Q41. Explain About The Core Components Of A Distributed Spark Application.?
Driver: The procedure that runs the principle () approach of the program to create RDDs and perform trformations and moves on them.
Executor: The worker techniques that run the character obligations of a Spark activity.
Cluster Manager: A pluggable component in Spark, to release Executors and Drivers. The cluster manager permits Spark to run on top of other outside managers like Apache Mesos or YARN.
Q42. Explain About The Popular Use Cases Of Apache Spark?
Apache Spark is mainly used for:
Iterative machine gaining knowledge of.
Interactive statistics analytics and processing.
Stream processing
Sensor facts processing
Q43. What Are The Languages Supported By Apache Spark For Developing Big Data Applications?
Scala, Java, Python, R and Clojure
Q44. Hadoop Uses Replication To Achieve Fault Tolerance. How Is This Achieved In Apache Spark?
Data garage version in Apache Spark is based on RDDs. RDDs help obtain fault tolerance thru lineage. RDD usually has the facts on a way to construct from different datasets. If any partition of a RDD is lost due to failure, lineage enables build best that particular misplaced partition.
Q45. Define A Worker Node.?
A node that may run the Spark software code in a cluster may be referred to as as a employee node. A employee node may have more than one employee which is configured with the aid of putting the SPARK_ WORKER_INSTANCES belongings within the spark-env.Sh record. Only one employee is began if the SPARK_ WORKER_INSTANCES property isn't defined.
Q46. What Do You Understand By Executor Memory In A Spark Application?
Every spark utility has same constant heap size and fixed range of cores for a spark executor. The heap length is what called the Spark executor memory that is controlled with the spark.Executor.Reminiscence property of the –executor-reminiscence flag.
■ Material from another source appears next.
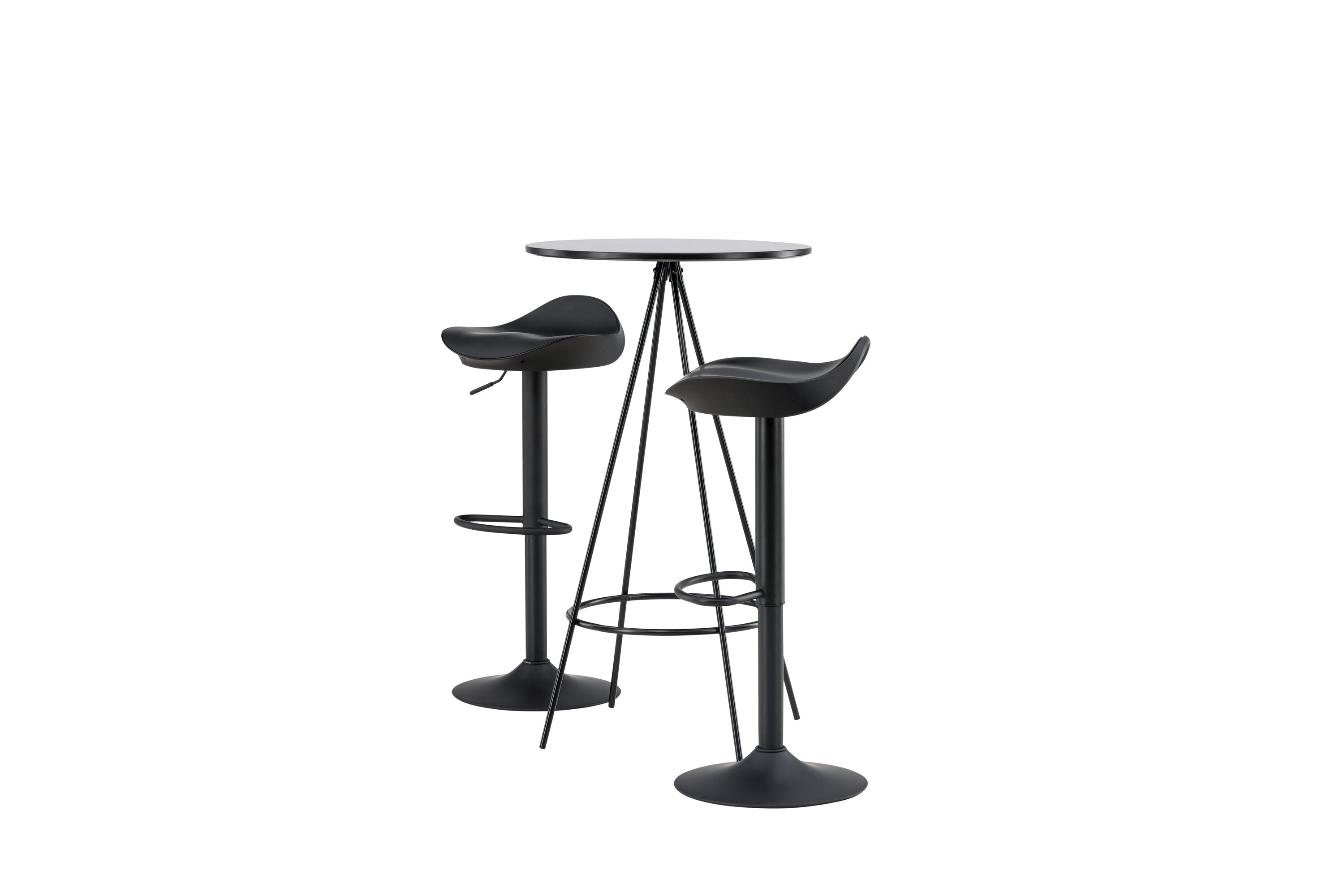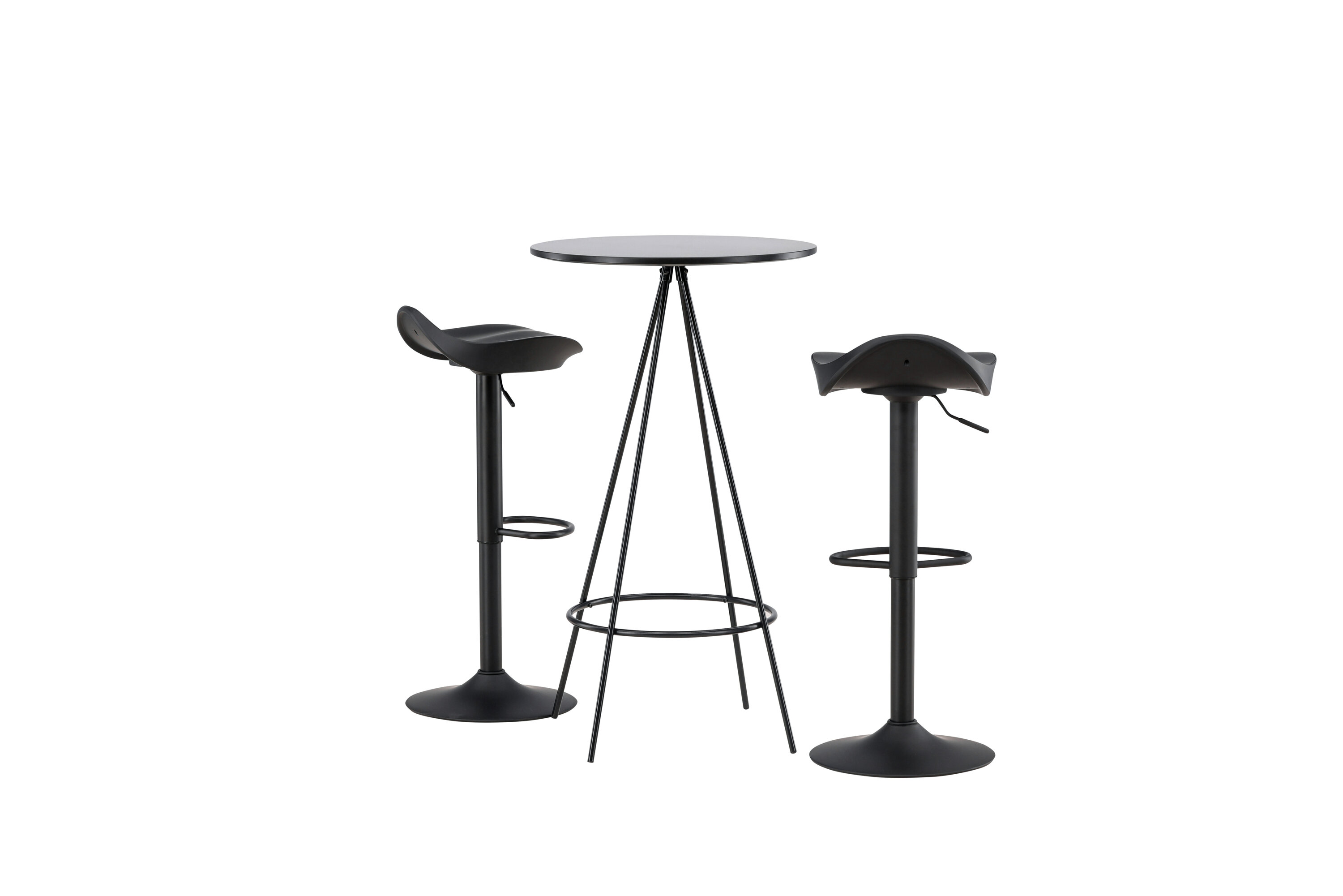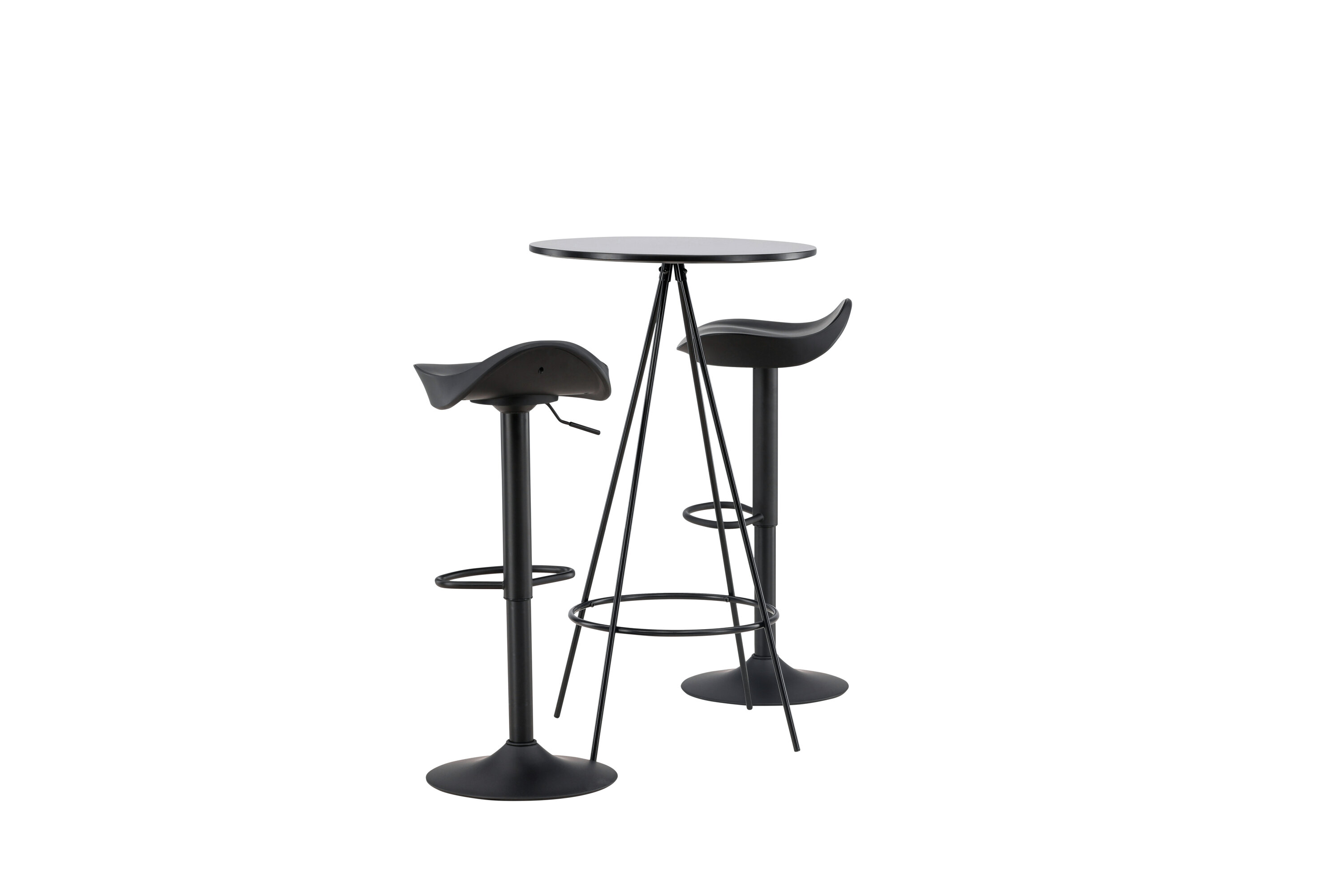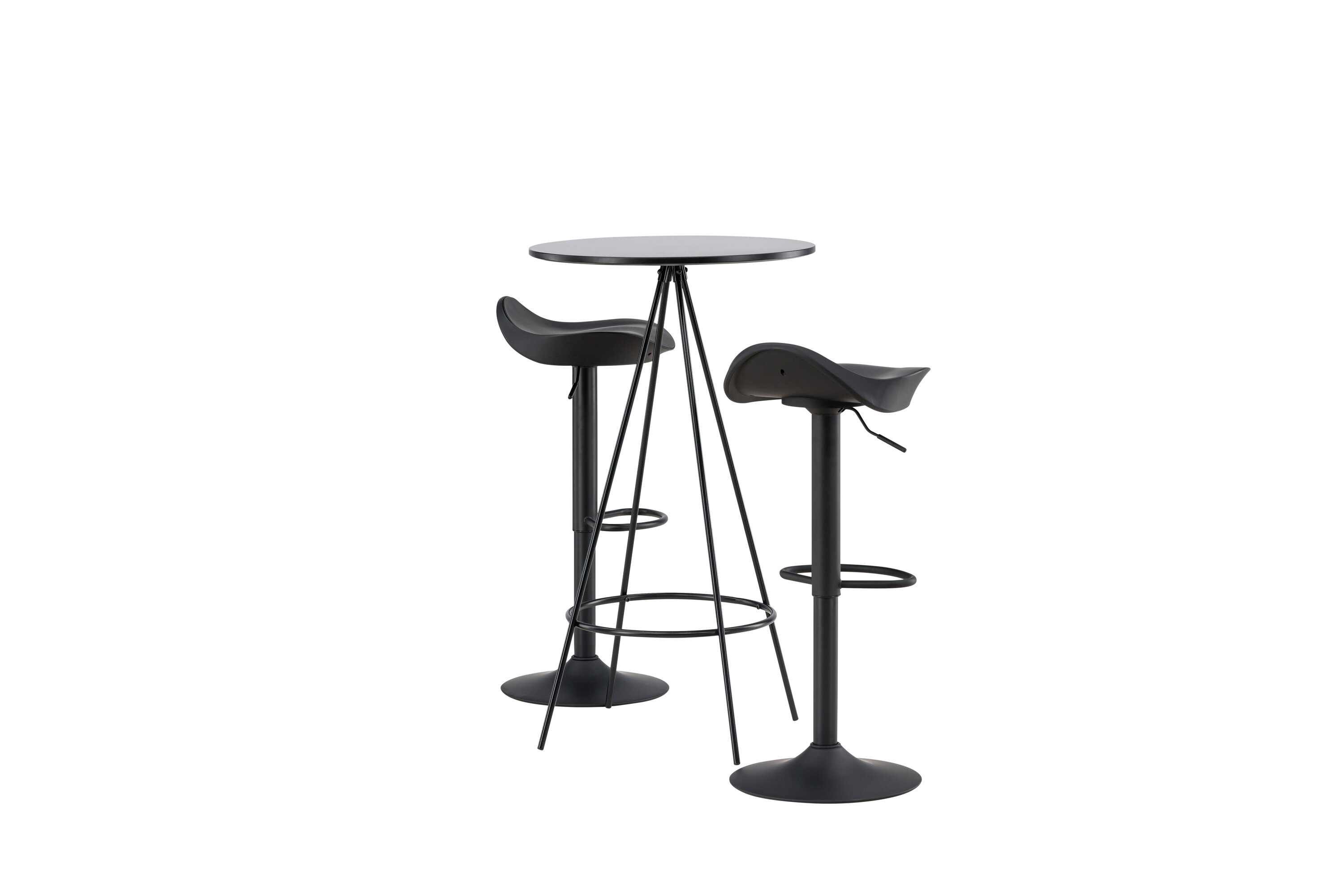Pourquoi ne pas meubler votre maison aussi moderne qu'intemporelle ? La table de bar Bistro a un design minimaliste et scandinave avec un plateau de table rond en MDF noir avec placage. Les pieds de table aérés en forme de cône sont légèrement évasés en métal noir et ont un cadre intégré pour le repose-pieds. Ici, avec des tabourets de bar noirs classiques de la série Adesto. La chaise a un design élégant avec un pied de trompette en acier noir et un siège simple en plastique noir. Ici, vous obtenez tout ce dont vous avez besoin ! Dimensions de la table : 60 cm.

Every spark software will have one executor on every employee node. The executor memory is essentially a measure on how a great deal reminiscence of the employee node will the application make use of.
Q47. What Is A Sparse Vector?
A sparse vector has parallel arrays –one for indices and the alternative for values. These vectors are used for storing non-0 entries to store space.
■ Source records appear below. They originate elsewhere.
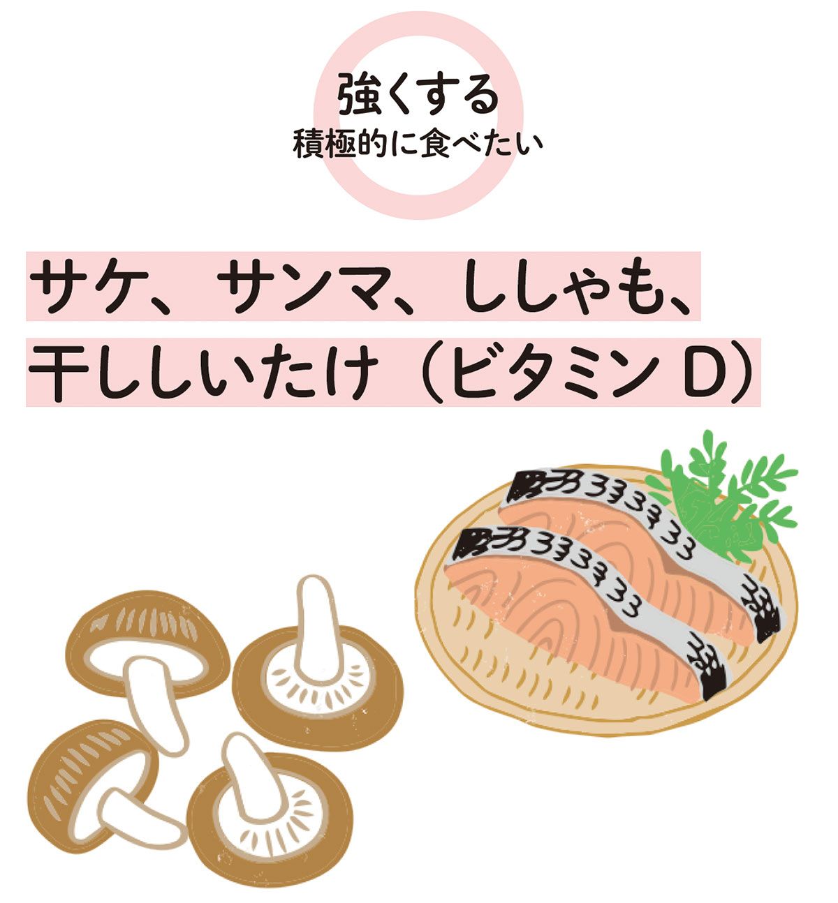 魚やきのこ類、天日干しのしいたけ、きくらげはビタミンDの含有量が高い
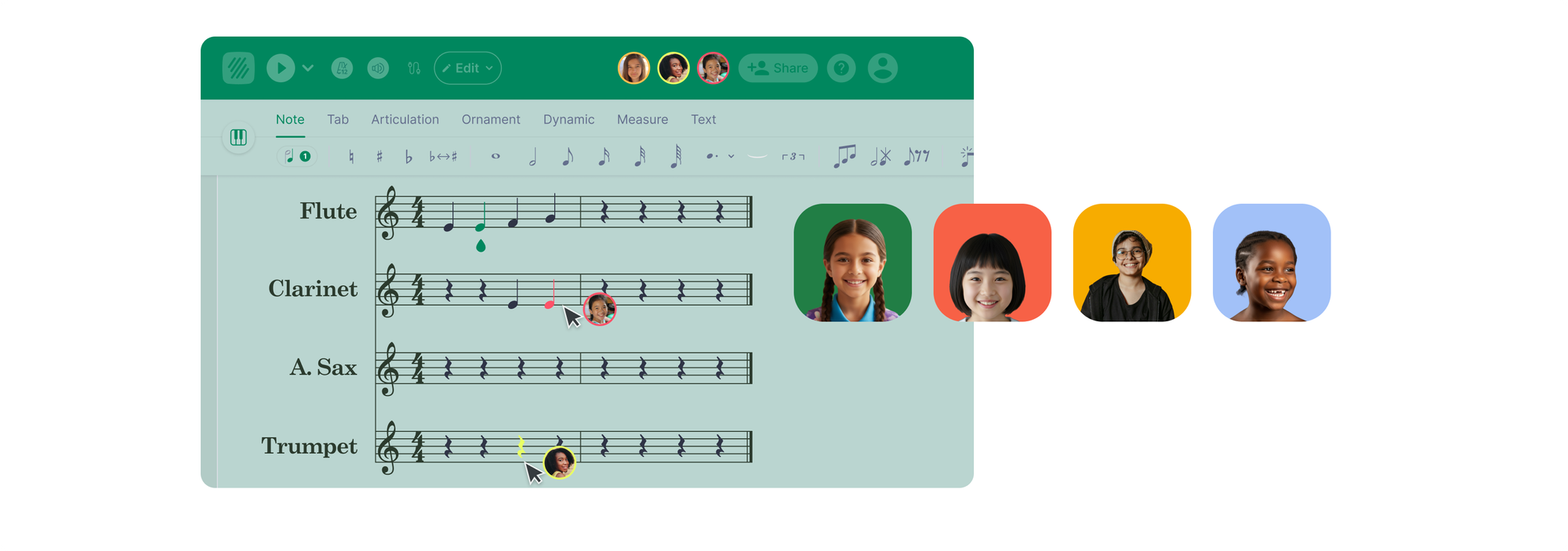 Shared writing. Multiple students work on the same score simultaneously. Useful for group composition projects, arranging assignments, or any task where collaboration is part of the learning. You can watch edits in real time and leave feedback while students are still working.
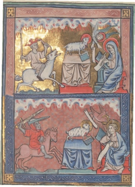 Рис. 7. Миниатюра изображает Агнца на престоле, снимающего печати и выпускающего всадников – специфическое воинство Господне: на белом коне – увенчанный королевской короной наездник с луком, а на рыжем (красном) – скачет воин, разящий мечом. Справа Иоанн фиксирует Откровение. Франция, конец XIII в. Paris. Bibliothèque nationale de France. FR. 13096, fol. 16r.
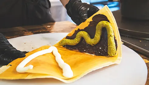 Dubai chocolates are trendy, luxurious chocolates first made in Dubai that contain pistachio and kadaif, thin pastry noodles made from flour and water. They were chosen as the Jiyugaoka store's signature item because their luxurious taste matches the luxurious feel of the neighborhood. Staff members handmake the Dubai chocolates in-store and add them to the top of the crepes.
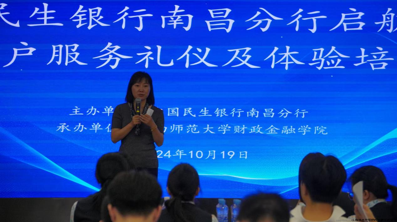 2024年10月19日上午9时,由中国民生银行南昌分行主办、江西师范大学财政金融学院承办的中国民生银行南昌分行启航计划客户礼仪服务及体验培训在中国民生银行南昌分行举行。本次培训活动由江西师范大学财政金融学院教授钱颖授课,来自全省各级分行员工170余人通过线上线下相结合的方式参加此次培训。
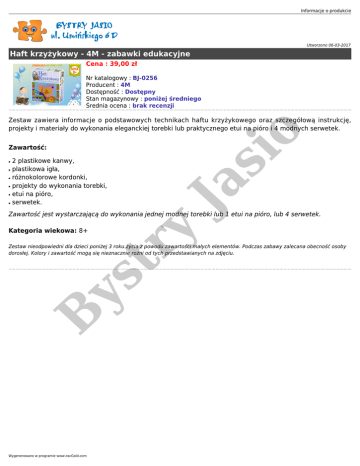 Informacje o produkcie Utworzono 06-03-2017 Haft krzyżykowy - 4M - zabawki edukacyjne Cena : 39,00 zł Nr katalogowy : BJ-0256 Producent : 4M Dostępność : Dostępny Stan magazynowy : poniżej średniego Średnia ocena : brak recenzji si o Zestaw zawiera informacje o podstawowych technikach haftu krzyżykowego oraz szczegółową instrukcję, projekty i materiały do wykonania eleganckiej torebki lub praktycznego etui na pióro i 4 modnych serwetek. Zawartość: ● ● ● ● ● 2 plastikowe kanwy, plastikowa igła, różnokolorowe kordonki, projekty do wykonania torebki, etui na pióro, serwetek. Ja ● Kategoria wiekowa: 8+ y Zawartość jest wystarczającą do wykonania jednej modnej torebki lub 1 etui na pióro, lub 4 serwetek. B ys tr Zestaw nieodpowiedni dla dzieci poniżej 3 roku życia z powodu zawartości małych elementów. Podczas zabawy zalecana obecność osoby dorosłej. Kolory i zawartość mogą się nieznacznie rożni od tych przedstawianych na zdjęciu. Wygenerowano w programie www.oscGold.com

Q48. When Running Spark Applications, Is It Necessary To Install Spark On All The Nodes Of Yarn Cluster?
Spark want not be set up when strolling a task under YARN or Mesos due to the fact Spark can execute on top of YARN or Mesos clusters with out affecting any exchange to the cluster.
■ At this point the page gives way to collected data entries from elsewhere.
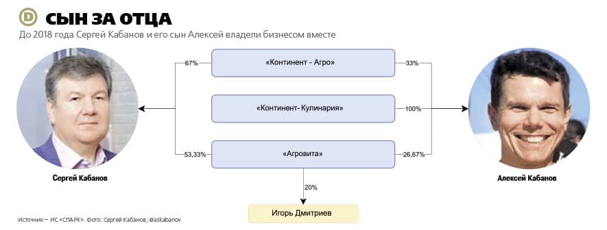 Алексею Кабанову в «Агровите» принадлежало 26,67%, его отцу — 53,33%, оставшиеся 20% получил менеджер Кабановых Игорь Дмитриев. Он был руководителем зарегистрированной в 2011 году на Алексея Кабанова фирмы «Континент-Кулинария».
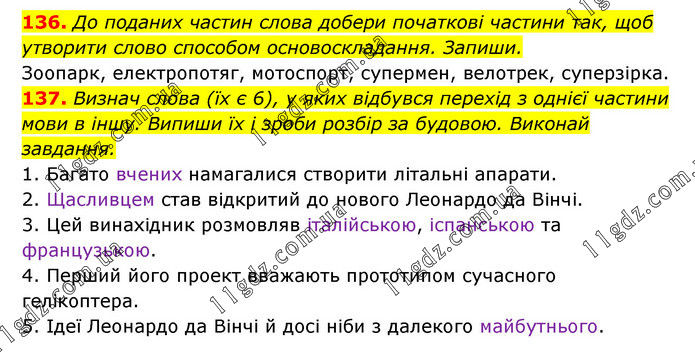 136. До поданих частин слова добери початкові частини так, щоб утворити слово способом основоскладання. Запиши. Зоопарк, електропотяг, мотоспорт, супермен, велотрек, суперзірка. 137. Визнач слова (їх є 6), у яких відбувся перехід з однієї частини мови в іншу. Випиши їх і зроби розбір за будовою. Виконай завдання. 1. Багато вчених намагалися створити літальні апарати. 2. Щасливцем став відкритий до нового Леонардо да Вінчі. 3. Цей винахідник розмовляв італійською, іспанською та французькою. 4. Перший його проект вважають прототипом сучасного гелікоптера. 5. Ідеї Леонардо да Вінчі й досі ніби з далекого майбутнього.
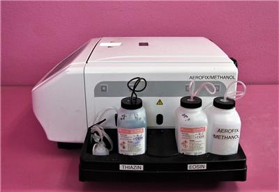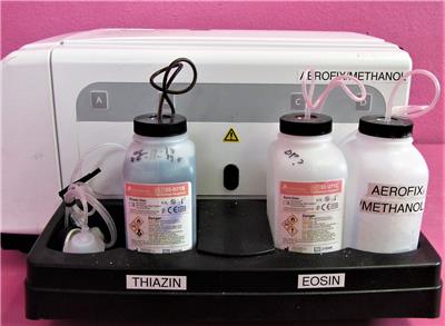 Staining options include a Rapid stain mode, a longer Wright-Giemsa mode and a May Grünwald Giemsa (MGG) mode. These modes allow variation in the eosin/thiazin ratio and the spin time (see Appendix D). A fully programmable Custom stain mode is also available. Near the end of the staining cycle, after purging the lines and rinsing the slides with methanol, the slides are rapidly dried by high-speed carousel rotation.
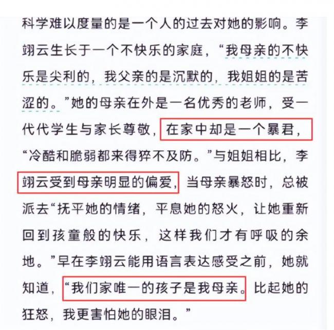 李翊雲也在接受采訪的時候說過:她恨她的母親……母親對她的愛有如一個獨裁者,是控制性的愛,是毫無任何慷慨可言的愛,母親還經常指責她自私。

Q49. How Can You Compare Hadoop And Spark In Terms Of Ease Of Use?
Hadoop MapReduce calls for programming in Java which is hard, even though Pig and Hive make it appreciably simpler. Learning Pig and Hive syntax takes time. Spark has interactive APIs for one of a kind languages like Java, Python or Scala and additionally includes Shark i.E. Spark SQL for SQL enthusiasts - making it relatively less complicated to use than Hadoop.
Q50. What Are The Key Features Of Apache Spark That You Like?
Spark offers superior analytic options like graph algorithms, gadget mastering, streaming facts, and so forth
It has built-in APIs in more than one languages like Java, Scala, Python and R
It has precise performance profits, as it enables run an application within the Hadoop cluster ten instances faster on disk and 100 instances faster in reminiscence.